小芥子一边收拾东西,一边暗想,“这主人得是个自恋狂吧!”
两人用过早膳,待收拾停当,又持虎符去找相关管事人员,交接签字完毕,这才屁颠颠地到城外兵营去。
幸好路途不远,大营只在城外五里。
刚出城门,就看到四骑参将领了十几个小卒子过来迎接。
章天幸颇有些意外,何必如此隆重。
众人仿佛众星拱月,客客气气地把章天幸迎回“章”字将军营。入了将军大帐,四个参将硬是先敬茶,又是贡献红包。章天幸哪里见过这场面,从来去天龙宗学艺,都是义父塞红包给白师父,各种求人办事,为自己打通关系,好能在山上学点本事。如今又遇到类似情状,却现实反转,一想到义父已逝、人情冷暖,尝到个中滋味,竟然有些泪点。

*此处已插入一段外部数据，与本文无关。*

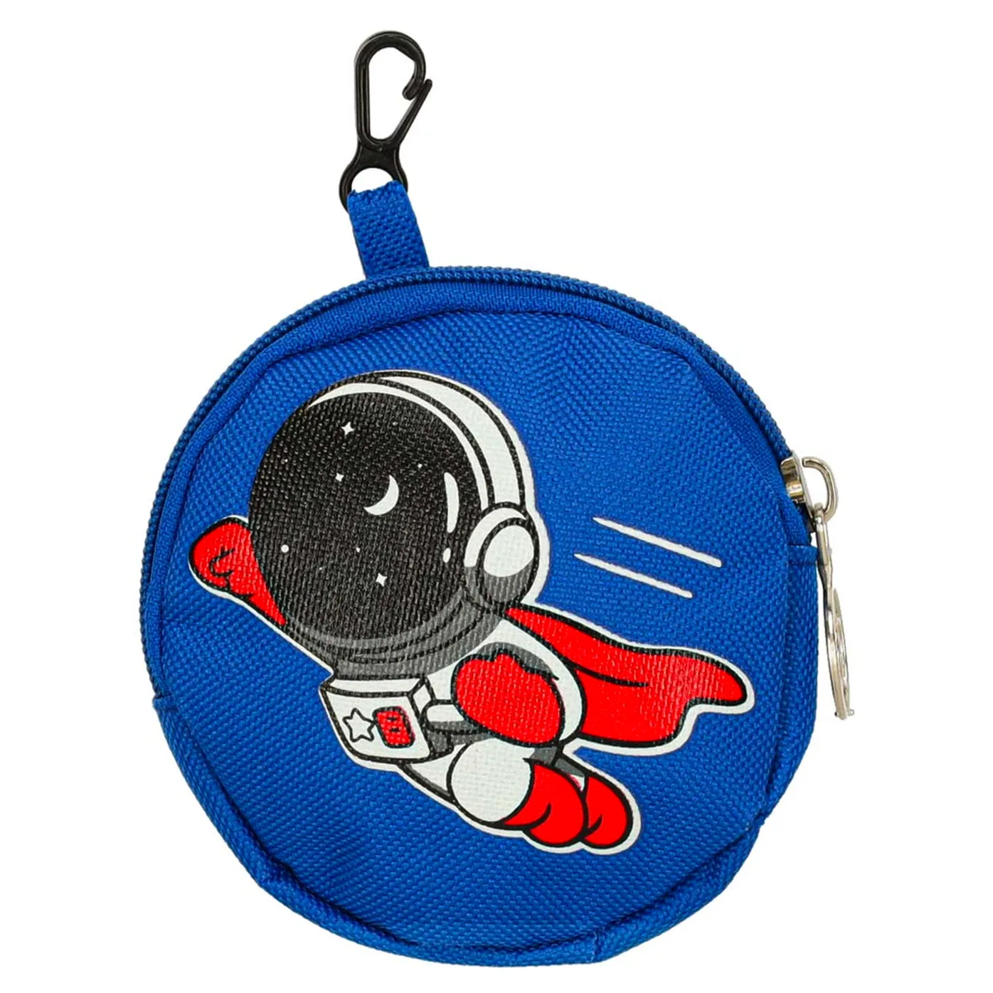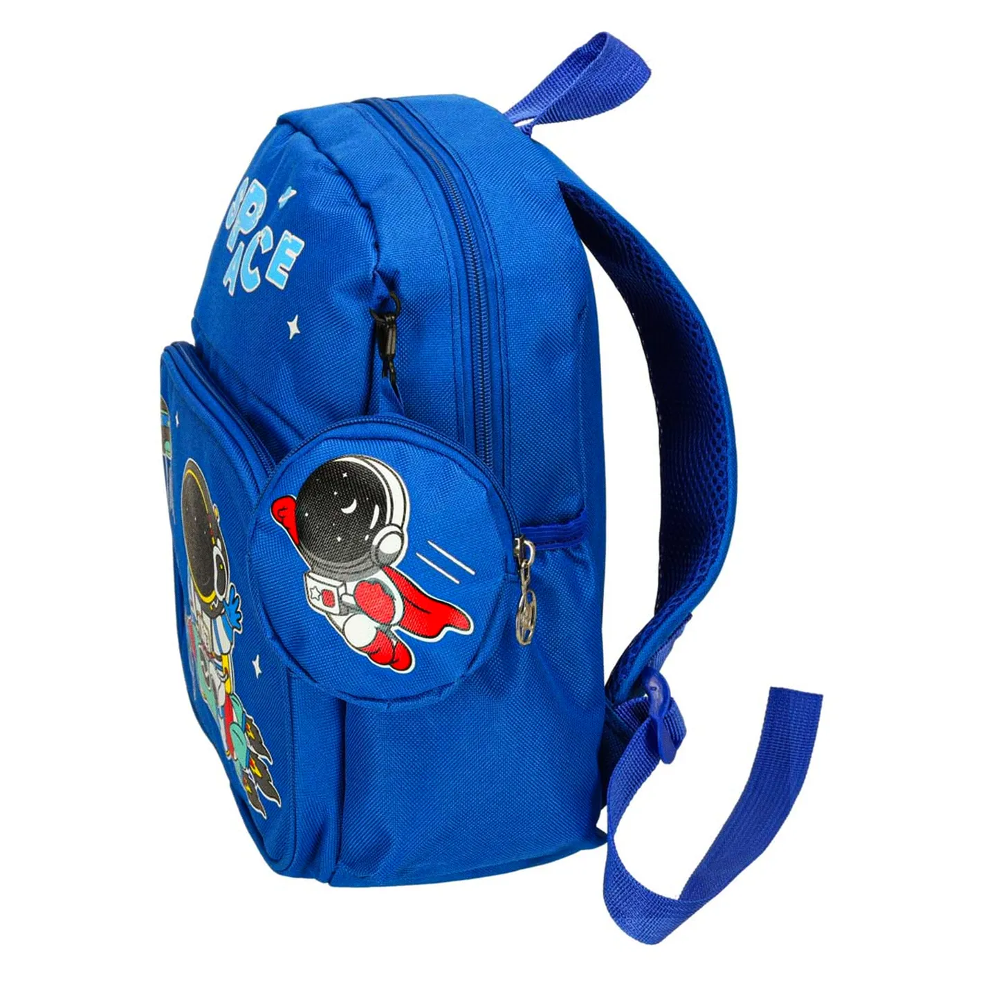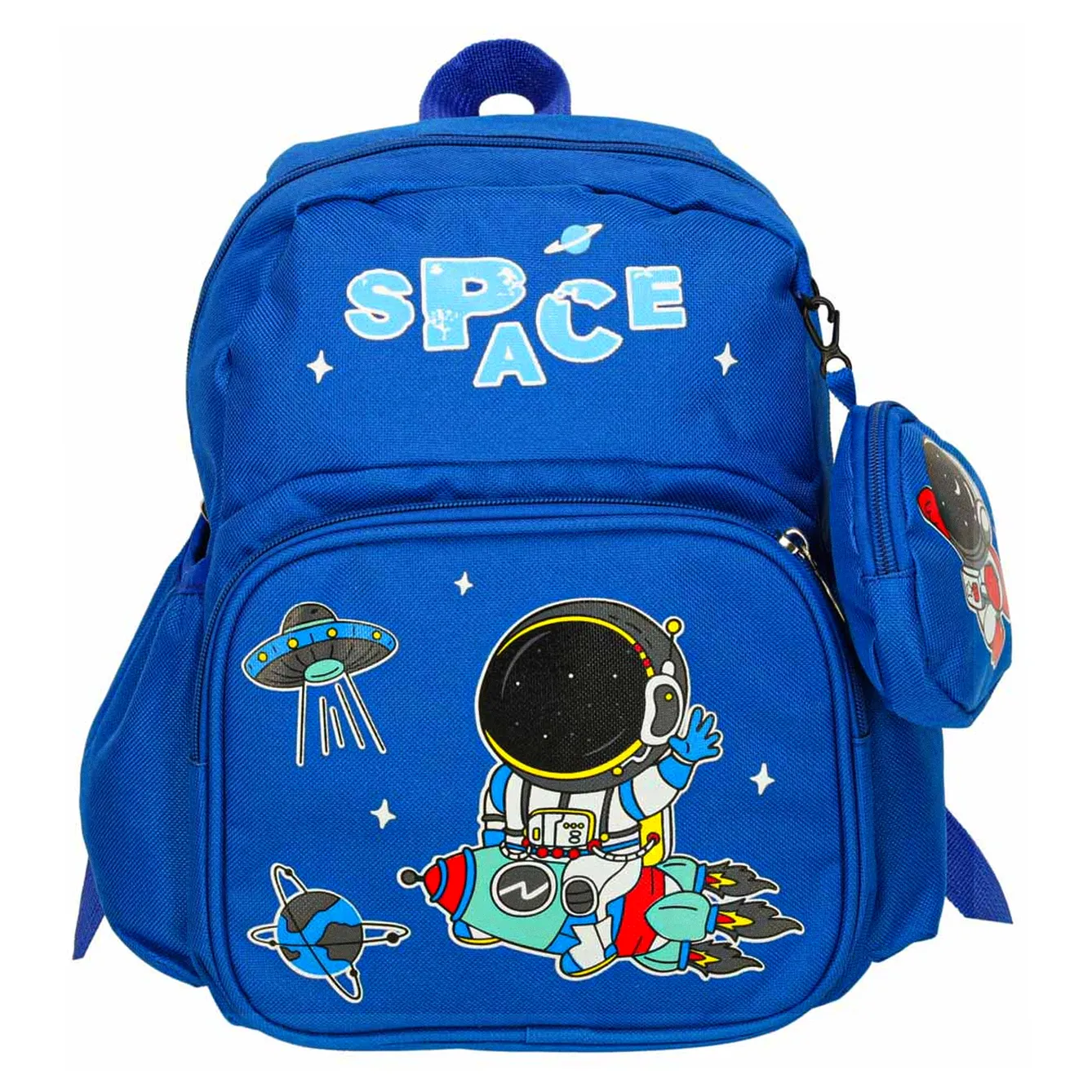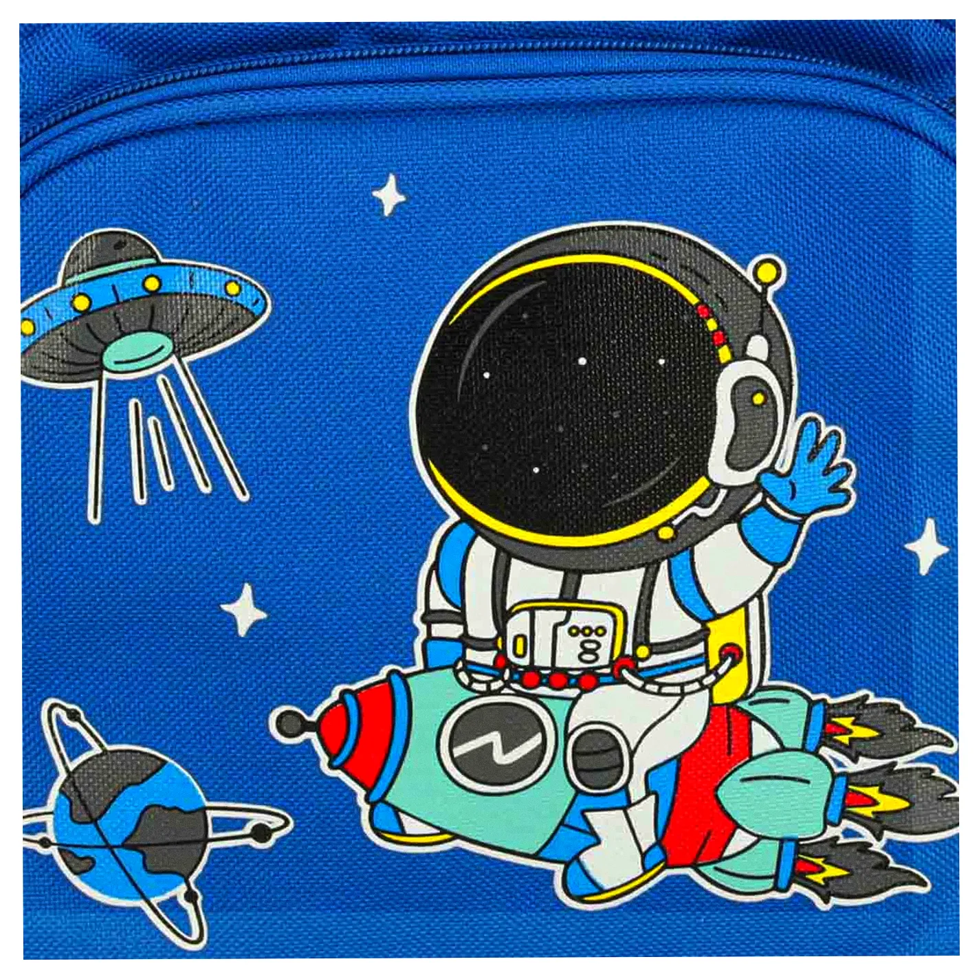 Plecak dziecięcy z grafiką astronauty, wykonany z lekkiego i wytrzymałego nylonu. Wyposażony w dużą komorę główną, przednią kieszeń na suwak, odczepianą okrągłą saszetkę oraz dwie boczne kieszonki. Regulowane szelki, pojemność ok. 7,5 L

几位参将见章将军眼含泪花,均以为这章将军十二分好打发,给个几百两银子便激动得如此热泪盈眶。
谁想章将军一挥手,抹去泪花,还是坚决不收。
几位参将傻了眼,都以为这章将军激愤含泪是受极了屈辱和轻视。难道因为这礼品档次太低,太少?几人嘀咕半天,不知如何是好。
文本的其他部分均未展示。